Rational design of Z-scheme PtS-ZnIn2S4/WO3-MnO2 for overall photo-catalytic water splitting under visible light

Abstract

ZnIn2S4/WO3 nanocomposites, with ZnIn2S4 nanosheets loaded on WO3 nanorods, were synthesized by self-assembly of hexagonal ZnIn2S4 in the presence of preformed WO3·H2O nanoplates. PtS and MnO2, the co-catalysts for H2 and O2 evolution, respectively, were selectively loaded on ZnIn2S4 and WO3 in the nanocomposites.

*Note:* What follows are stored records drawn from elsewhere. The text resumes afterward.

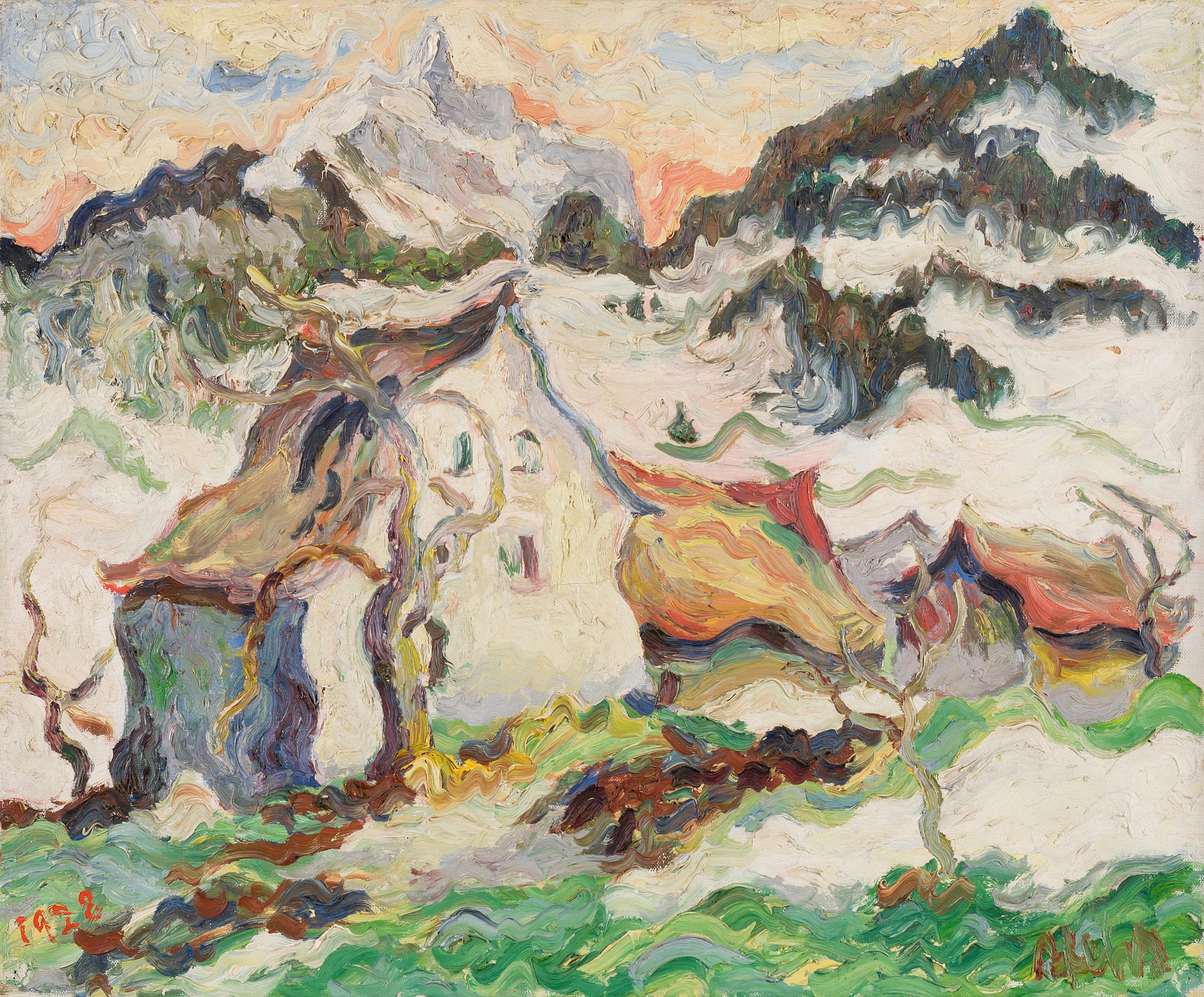 "Kerenzerberg", 1928. Öl auf Leinwand. Unten rechts signiert, unten links datiert und verso auf Keilrahmen bezeichnet. 54x65 cm. -Ohne Rahmen.
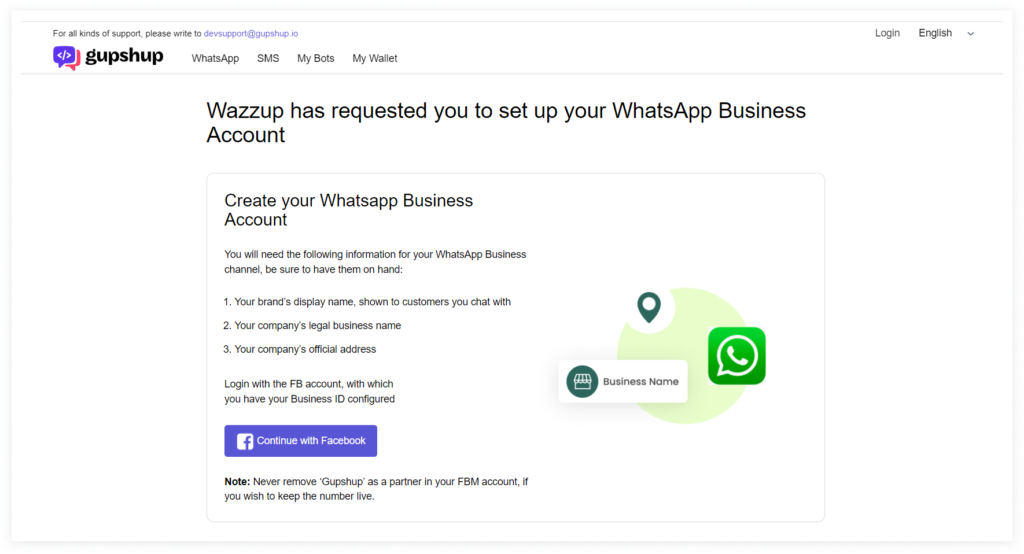 Necesitarás acceso al número WABA y a la cuenta de Facebook a la que está conectada la cuenta Meta business con el número WABA requerido.
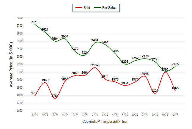 October 2025 Average For Sale Price was Neutral and Average Sold Price was Neutral**
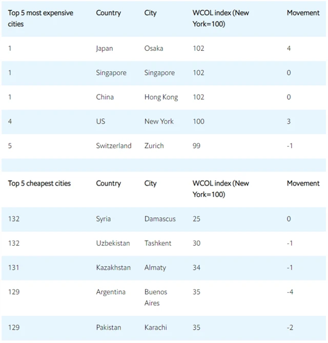 O první příčku mezi nejdražšími městy pro život se i letos mezi sebou dělí tři metropole. Stejně jako loni ji "uhájily" Singapur a Hongkong, nově se k nim ale připojilo další asijské město, japonská Ósaka, která tak nahradila Paříž. Francouzská metropole se propadla o čtyři příčky na páté místo, kromě Ósaky ji předstihl i New York, americké město si proti loňsku posunulo o čtyři příčky.
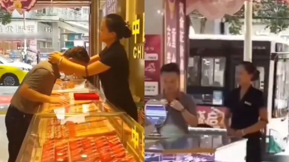 अभी जो वीडियो वायरल हो रहा है उसमें नजर आ रहा है कि एक ज्वेलरी शॉप जहां महिला कर्मचारी है, वहां एक शख्स अपने लिए चैन खरीदने गया है। महिला उसके गले में चैन पहनाती है और इसके तुरंत बाद वो वहां से भागता है। महिला को लगता है कि वो भाग रहा है तो वो भी तुरंत छलांग लगाकर उसका पीछा करती है। मगर वो आदमी दुकान के बाहर नहीं गया बल्कि भागकर शीशे के पास गया और देखने लगा कि चैन कैसा लग रहा है। महिला यह देखकर हंसने लगती है। वीडियो चीन का लगता है क्योंकि दुकान का नाम चाइना से शुरू होता है।
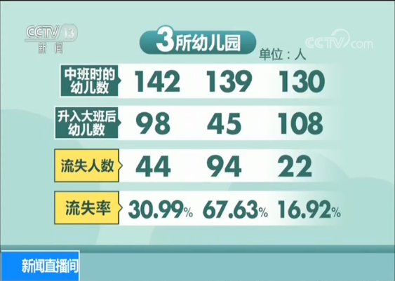 據(jù)北京一位在幼兒園工作多年的教師,對(duì)周邊3所幼兒園大班孩子進(jìn)行的調(diào)查顯示,每年從中班升入大班以后,孩子數(shù)量都會(huì)有所減少,特別是在大班第二學(xué)期流失更為嚴(yán)重。3所幼兒園中班時(shí)的幼兒數(shù)分別為142、139、130,升入大班后的幼兒數(shù)分別為98、45、108,分別流失了44人、94人、22人,流失率分別為30.99%、67.63%、16.92%。這些大班“輟學(xué)”的孩子大多去了以幼小銜接名義舉辦的學(xué)前班,提前開始小學(xué)學(xué)習(xí)。

The resultant PtS-ZnIn2S4/WO3-MnO2 nanocomposites show photocatalytic activity for overall water splitting to produce H2 and O2 under visible light. An optimum activity was achieved over 0.5%PtS-20%ZnIn2S4/WO3-3.0%MnO2, in which 5.94 μmol of H2 and 2.24 μmol O2 were evolved in 8 h. The apparent quantum yield (AQY) for H2 evolution was determined to be ca. 0.50% at 420 nm. The superior photocatalytic activity for overall water splitting over PtS-ZnIn2S4/WO3-MnO2 nanocomposites can be ascribed to an efficient coupling of photocatalytic water reduction over PtS-ZnIn2S4 and photocatalytic water oxidation over MnO2-WO3 via a Z-scheme charge transfer pathway. This study demonstrates a high potential of fabrication of the all-solid Z-scheme photocatalytic systems for overall water splitting.